ASSIGNMENT ▸ Keep the lines exact and the pictures out as you repeat the following listing.

GIVEN RECORDS ▸
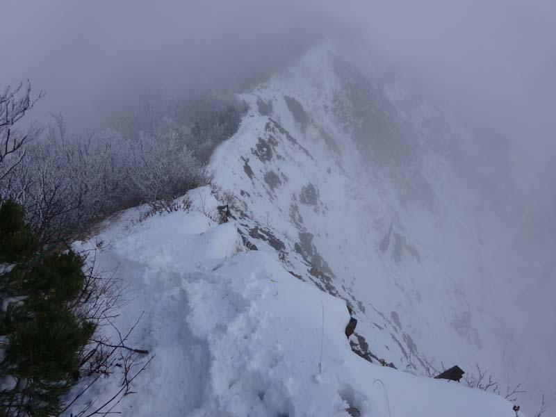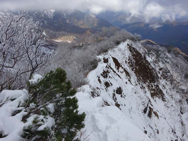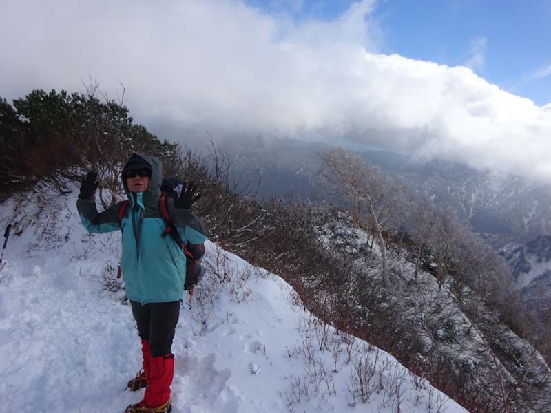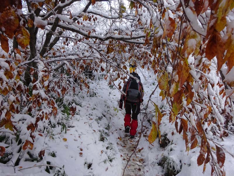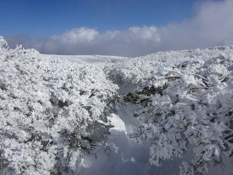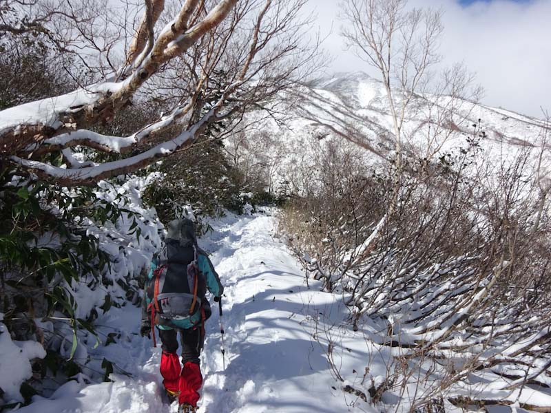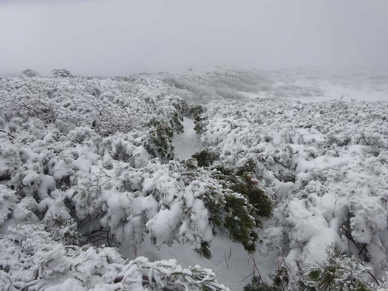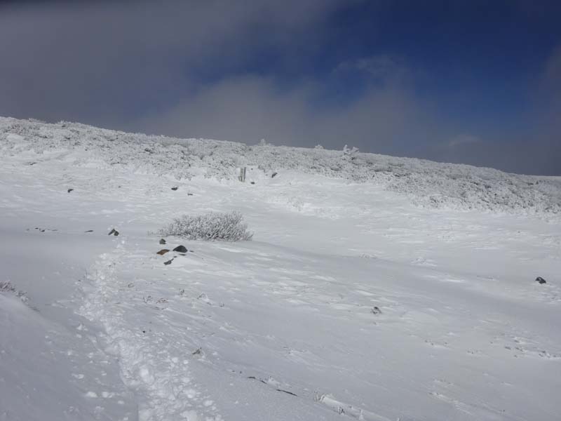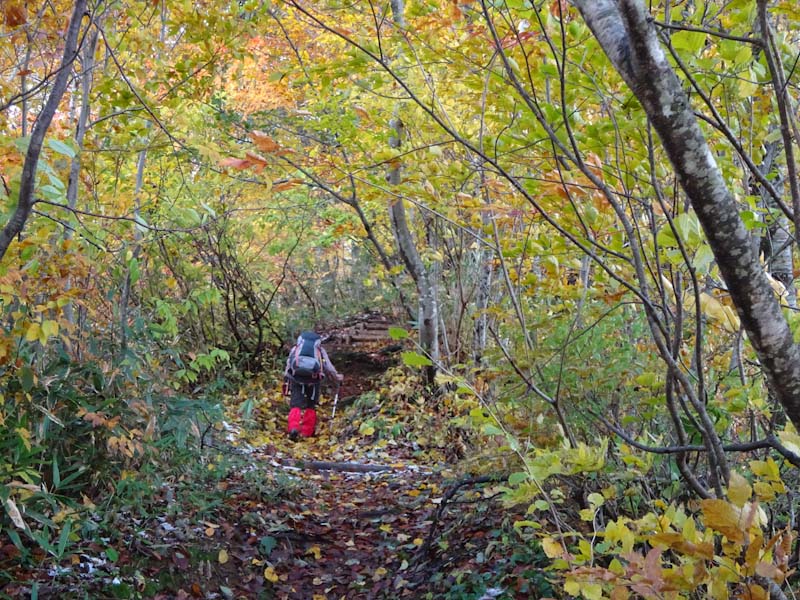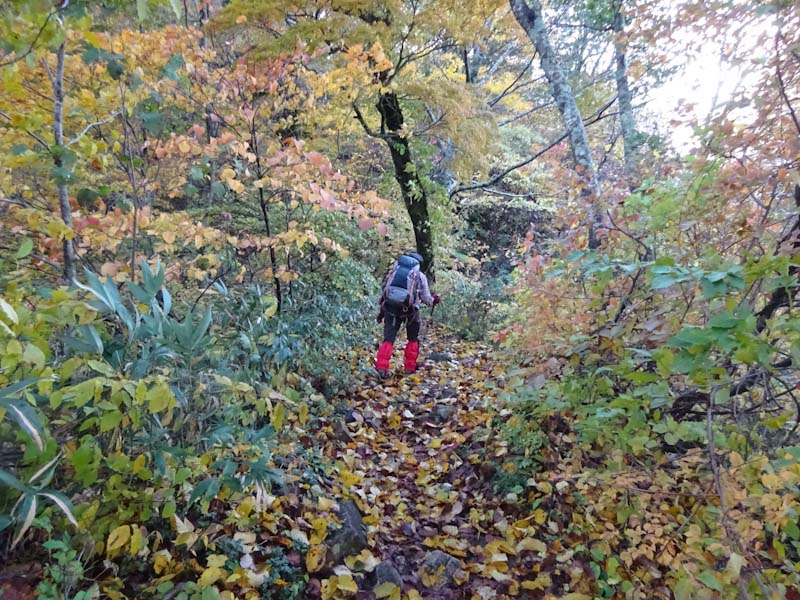 日曜日ともあって、多くの登山者が押し寄せていた。白水湖登山口にさえ、ちょっぴり片隅に雪があった。すぐに雪が現れ、紅葉とのマッチングが素晴らしかった。2キロくらいから雪道になり、3キロでは完全な冬山であった。私達はそこでアイゼンを着けた。登山道は踏み固められ、そのままでも良かったのであるが、知人から頂いたアイゼンの ” 試し履き ” もあった。
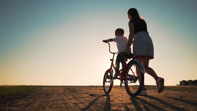 Teaching child to ride bicycle mother supports child with patient help on dusty road at sunset silhouette showing family lesson in balance and training outdoor play and trust building together
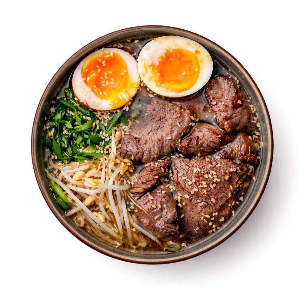 Мясной бульон, грудинка говяжья, лапша, ростки сои, маринованное яйцо, зелёный лук.
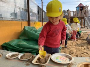 一人でじっくり砂を詰めたり、お友だちと見せ合ったりしながら、それぞれの想像の世界を楽しんでいます。
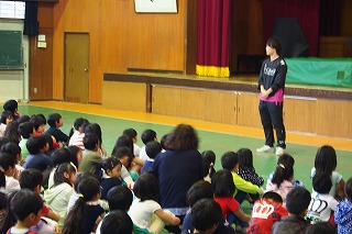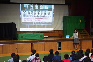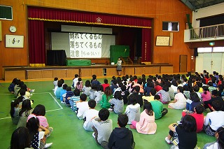 |  | |  | | 全校朝礼4月27日 本日のお話しのテーマは「地震」です。 九州地方(熊本)の大地震の被害の様子や被災された方たちのこと、学校が避難所になっていて勉強ができないことや友だちとも会えなくなっていること、また、避難所でボランティアとして頑張る小学生のお話などをしました。地震が来たときの避難の仕方についても確認しました。 1 自分の命を守るためにできることは何か。 2 災害の時、子どもでも人のためにできることは何か。 いつも考え、自ら行動できる人になって欲しいと思います。
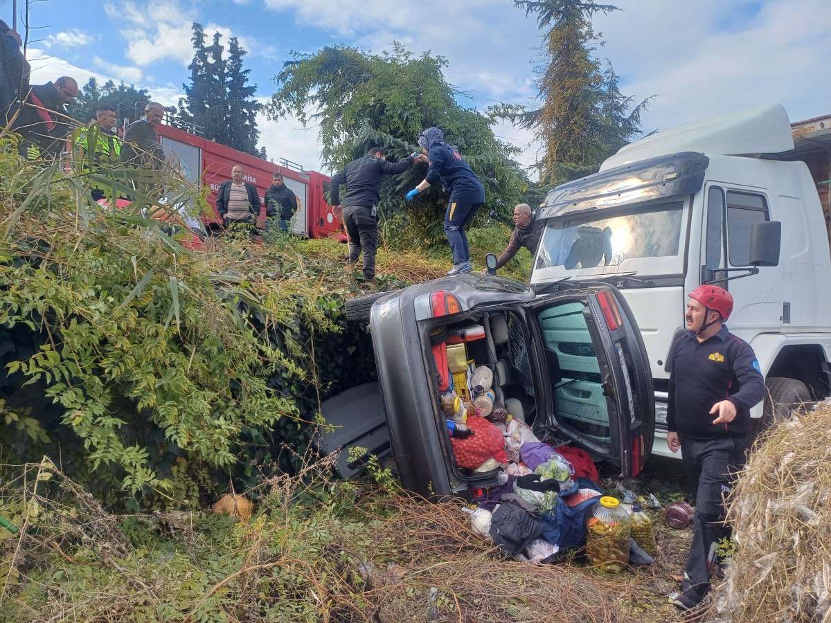 Kazayı otomobil sürücüsü yara almadan atlatırken, yolcu konumundaki eşi N.K. sıkıştı. İhbar üzerine kaza yerine sağlık, itfaiye ve polis ekipleri sevk edildi.

YOUR SOLUTION ▸
 日曜日ともあって、多くの登山者が押し寄せていた。白水湖登山口にさえ、ちょっぴり片隅に雪があった。すぐに雪が現れ、紅葉とのマッチングが素晴らしかった。2キロくらいから雪道になり、3キロでは完全な冬山であった。私達はそこでアイゼンを着けた。登山道は踏み固められ、そのままでも良かったのであるが、知人から頂いたアイゼンの ” 試し履き ” もあった。
 Teaching child to ride bicycle mother supports child with patient help on dusty road at sunset silhouette showing family lesson in balance and training outdoor play and trust building together
 Мясной бульон, грудинка говяжья, лапша, ростки сои, маринованное яйцо, зелёный лук.
 一人でじっくり砂を詰めたり、お友だちと見せ合ったりしながら、それぞれの想像の世界を楽しんでいます。
 |  | |  | | 全校朝礼4月27日 本日のお話しのテーマは「地震」です。 九州地方(熊本)の大地震の被害の様子や被災された方たちのこと、学校が避難所になっていて勉強ができないことや友だちとも会えなくなっていること、また、避難所でボランティアとして頑張る小学生のお話などをしました。地震が来たときの避難の仕方についても確認しました。 1 自分の命を守るためにできることは何か。 2 災害の時、子どもでも人のためにできることは何か。 いつも考え、自ら行動できる人になって欲しいと思います。
 Kazayı otomobil sürücüsü yara almadan atlatırken, yolcu konumundaki eşi N.K. sıkıştı. İhbar üzerine kaza yerine sağlık, itfaiye ve polis ekipleri sevk edildi.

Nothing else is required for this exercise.